Activity: Write out all of the records precisely. Skip anything that is a picture.

(Data extracted from a collection)
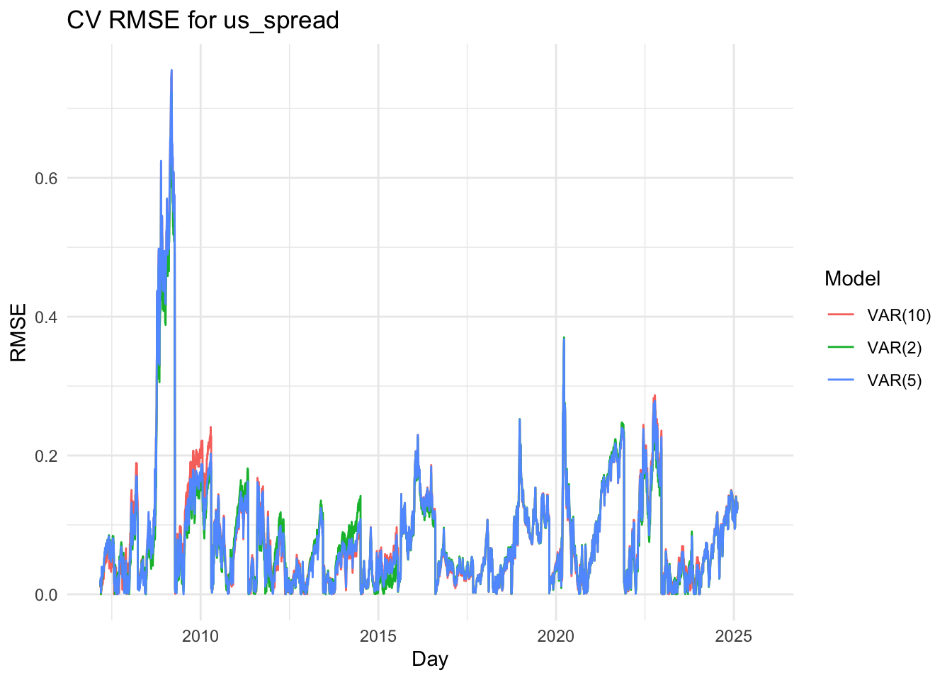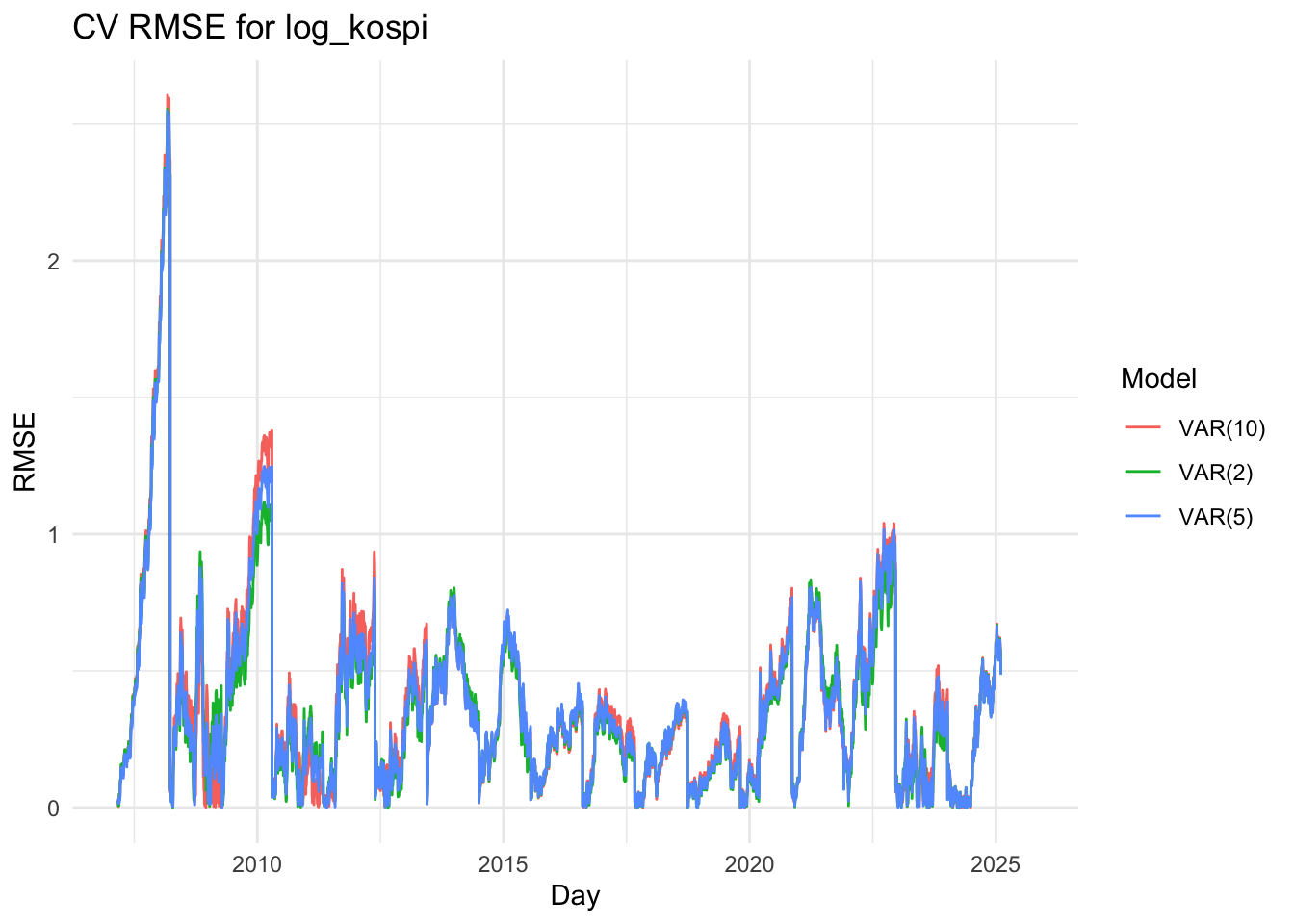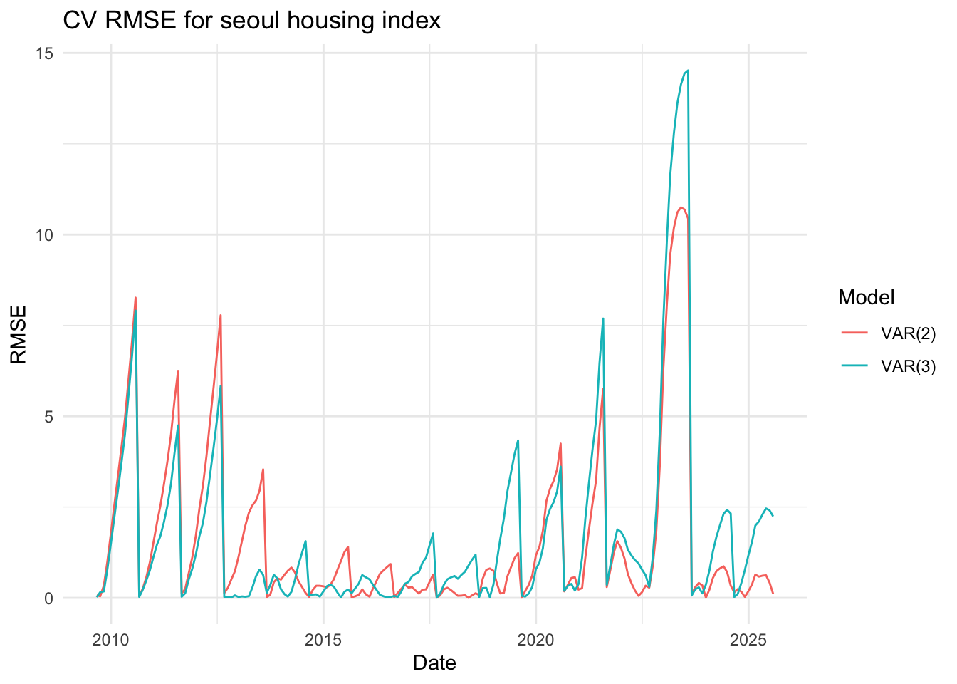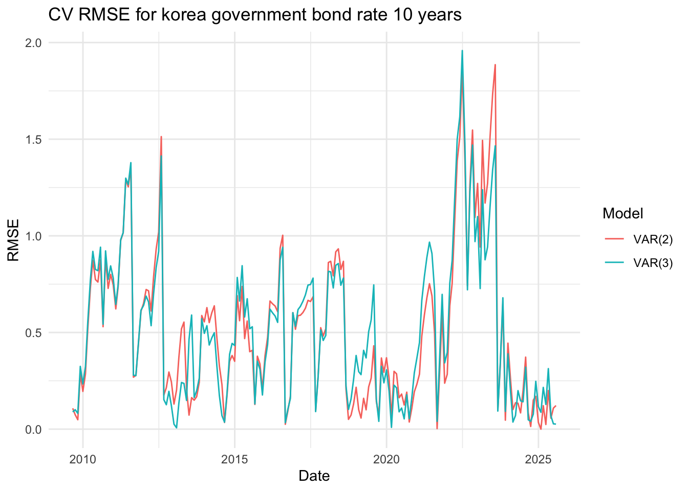 df2$Date <-as.Date(df2$Date)series_names <-c("housing", "KR_10Y", "US_10Y")ts_obj <-ts(df2[, series_names],start =c(year(df2$Date[1]), month(df2$Date[1])),frequency =12)n <-nrow(df2)k<-69h <-12n_k <- n - knum_blocks <-floor(n_k / h)rmse2 <-matrix(NA_real_, n_k, 3) rmse3 <-matrix(NA_real_, n_k, 3) st <-tsp(ts_obj)[1] + (k -1) /12for (i in1:num_blocks) { xtrain <-window(ts_obj, end = st + i -1) xtest <-window(ts_obj,start = st + (i -1) +1/12,end = st + i)if (NROW(xtest) != h) next fit2 <- vars::VAR(xtrain, p =2, type ="both") fcast2 <-predict(fit2, n.ahead = h) ff2 <-cbind( fcast2$fcst$housing[, 1], fcast2$fcst$KR_10Y [, 1], fcast2$fcst$US_10Y [, 1] ) year <- st + (i -1) +1/12 ff2 <-ts(ff2, start =c(year, 1), frequency =12) a <-12* i -11 b <-12* i rmse2[a:b, ] <-sqrt((ff2 - xtest)^2) fit3 <- vars::VAR(xtrain, p =3, type ="both") fcast3 <-predict(fit3, n.ahead = h) ff3 <-cbind( fcast3$fcst$housing[, 1], fcast3$fcst$KR_10Y [, 1], fcast3$fcst$US_10Y [, 1] ) ff3 <-ts(ff3, start =c(year, 1), frequency =12) rmse3[a:b, ] <-sqrt((ff3 - xtest)^2)}colnames(rmse2) <- series_namescolnames(rmse3) <- series_namesmonth_index <-1:n_kdates1 <-as.Date(df2$Date[(k +1):n])if (length(dates1) < n_k) { dates1 <-c(dates1, rep(as.Date(NA), n_k -length(dates1)))} elseif (length(dates1) > n_k) { dates1 <- dates1[1:n_k]}rmse2_df <-data.frame(month_index, dates1, rmse2, row.names =NULL)names(rmse2_df) <-c("Month","Date", series_names)rmse2_df$Model <-"VAR(2)"rmse3_df <-data.frame(month_index, dates1, rmse3, row.names =NULL)names(rmse3_df) <-c("Month","Date", series_names)rmse3_df$Model <-"VAR(3)"rmse_combined <-rbind(rmse2_df, rmse3_df)
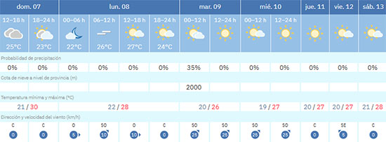 NERJA – De komende week blijft het warm met veel zon en gemiddelde dagtemperaturen iets onder de 30 graden Celsius voor Nerja en omgeving. Op dinsdag 9 en woensdag 10 september waait er een matige wind, van regen is geen sprake in de huidige vooruitzichten van de Spaanse meteorologische dienst Aemet (Agencia Estatal de Meteorología).
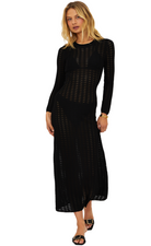 Turn heads in the Dolly Dress — a sheer knit maxi that balances effortless ease with a sultry edge. Designed with long sleeves, an open back, and a body-skimming silhouette, it’s the perfect throw-on piece for beach clubs, resort dinners, or layering over your favorite Cabana swim.
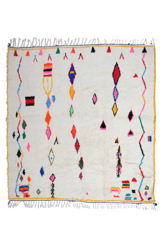 Der quadratische Berberteppich ist daher eine ausgezeichnete Wahl, um sein Zuhause zu schmücken und zu strukturieren. Mit seinen geraden Linien und geometrischen Mustern bringt er Modernität mit sich. Es ist eine sehr dynamische Wahl, die dennoch komfortabel und gemütlich bleibt. Bei THEM finden Sie Modelle aus allen Stämmen des marokkanischen Atlas, mit denen wir eng zusammenarbeiten. Unsere orientalischen Teppiche sind von höchster Qualität und werden unter Einhaltung der berberischen Traditionen von den Frauen dieser afrikanischen Völker gewebt. Wir unterstützen die lokale Wirtschaft und dieses alte Handwerk durch faire Bezahlung und angemessene Preise.. Diese nachhaltige Beschaffung ist für uns sehr wichtig. Und wenn Sie einen bestimmten quadratischen Berber-Teppich im Kopf haben, senden wir Ihre Anfragen an die marokkanischen Weberinnen, die ihre Inspirationen und Ihre Wünsche mischen werden, um ein zu schaffen. It seems that your message is incomplete. Please provide the text you would like me to translate from French to German.Maßgeschneiderte Berber-APIs ! !
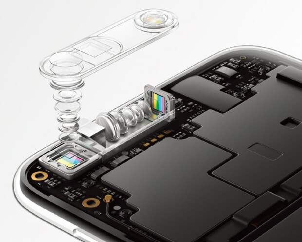 Камера Dual Camera Zoom состоит из 50 отдельных частей, которые складываются в модуль с общей высотой 5,7мм. 5-кратный зум модуля использует установку перископного вида, которая позволяет рассеивать свет через призму и внутри телефотографической линзы в смартфоне. Данный блок расположен под углом 90 градусов к широкоугольной линзе. Направляя путь свету, Oppo даже в пределах тонкого смартфона способна получить 5-кратное увеличение картинки без потери качества.

Answer to this task:
 df2$Date <-as.Date(df2$Date)series_names <-c("housing", "KR_10Y", "US_10Y")ts_obj <-ts(df2[, series_names],start =c(year(df2$Date[1]), month(df2$Date[1])),frequency =12)n <-nrow(df2)k<-69h <-12n_k <- n - knum_blocks <-floor(n_k / h)rmse2 <-matrix(NA_real_, n_k, 3) rmse3 <-matrix(NA_real_, n_k, 3) st <-tsp(ts_obj)[1] + (k -1) /12for (i in1:num_blocks) { xtrain <-window(ts_obj, end = st + i -1) xtest <-window(ts_obj,start = st + (i -1) +1/12,end = st + i)if (NROW(xtest) != h) next fit2 <- vars::VAR(xtrain, p =2, type ="both") fcast2 <-predict(fit2, n.ahead = h) ff2 <-cbind( fcast2$fcst$housing[, 1], fcast2$fcst$KR_10Y [, 1], fcast2$fcst$US_10Y [, 1] ) year <- st + (i -1) +1/12 ff2 <-ts(ff2, start =c(year, 1), frequency =12) a <-12* i -11 b <-12* i rmse2[a:b, ] <-sqrt((ff2 - xtest)^2) fit3 <- vars::VAR(xtrain, p =3, type ="both") fcast3 <-predict(fit3, n.ahead = h) ff3 <-cbind( fcast3$fcst$housing[, 1], fcast3$fcst$KR_10Y [, 1], fcast3$fcst$US_10Y [, 1] ) ff3 <-ts(ff3, start =c(year, 1), frequency =12) rmse3[a:b, ] <-sqrt((ff3 - xtest)^2)}colnames(rmse2) <- series_namescolnames(rmse3) <- series_namesmonth_index <-1:n_kdates1 <-as.Date(df2$Date[(k +1):n])if (length(dates1) < n_k) { dates1 <-c(dates1, rep(as.Date(NA), n_k -length(dates1)))} elseif (length(dates1) > n_k) { dates1 <- dates1[1:n_k]}rmse2_df <-data.frame(month_index, dates1, rmse2, row.names =NULL)names(rmse2_df) <-c("Month","Date", series_names)rmse2_df$Model <-"VAR(2)"rmse3_df <-data.frame(month_index, dates1, rmse3, row.names =NULL)names(rmse3_df) <-c("Month","Date", series_names)rmse3_df$Model <-"VAR(3)"rmse_combined <-rbind(rmse2_df, rmse3_df)
 NERJA – De komende week blijft het warm met veel zon en gemiddelde dagtemperaturen iets onder de 30 graden Celsius voor Nerja en omgeving. Op dinsdag 9 en woensdag 10 september waait er een matige wind, van regen is geen sprake in de huidige vooruitzichten van de Spaanse meteorologische dienst Aemet (Agencia Estatal de Meteorología).
 Turn heads in the Dolly Dress — a sheer knit maxi that balances effortless ease with a sultry edge. Designed with long sleeves, an open back, and a body-skimming silhouette, it’s the perfect throw-on piece for beach clubs, resort dinners, or layering over your favorite Cabana swim.
 Der quadratische Berberteppich ist daher eine ausgezeichnete Wahl, um sein Zuhause zu schmücken und zu strukturieren. Mit seinen geraden Linien und geometrischen Mustern bringt er Modernität mit sich. Es ist eine sehr dynamische Wahl, die dennoch komfortabel und gemütlich bleibt. Bei THEM finden Sie Modelle aus allen Stämmen des marokkanischen Atlas, mit denen wir eng zusammenarbeiten. Unsere orientalischen Teppiche sind von höchster Qualität und werden unter Einhaltung der berberischen Traditionen von den Frauen dieser afrikanischen Völker gewebt. Wir unterstützen die lokale Wirtschaft und dieses alte Handwerk durch faire Bezahlung und angemessene Preise.. Diese nachhaltige Beschaffung ist für uns sehr wichtig. Und wenn Sie einen bestimmten quadratischen Berber-Teppich im Kopf haben, senden wir Ihre Anfragen an die marokkanischen Weberinnen, die ihre Inspirationen und Ihre Wünsche mischen werden, um ein zu schaffen. It seems that your message is incomplete. Please provide the text you would like me to translate from French to German.Maßgeschneiderte Berber-APIs ! !
 Камера Dual Camera Zoom состоит из 50 отдельных частей, которые складываются в модуль с общей высотой 5,7мм. 5-кратный зум модуля использует установку перископного вида, которая позволяет рассеивать свет через призму и внутри телефотографической линзы в смартфоне. Данный блок расположен под углом 90 градусов к широкоугольной линзе. Направляя путь свету, Oppo даже в пределах тонкого смартфона способна получить 5-кратное увеличение картинки без потери качества.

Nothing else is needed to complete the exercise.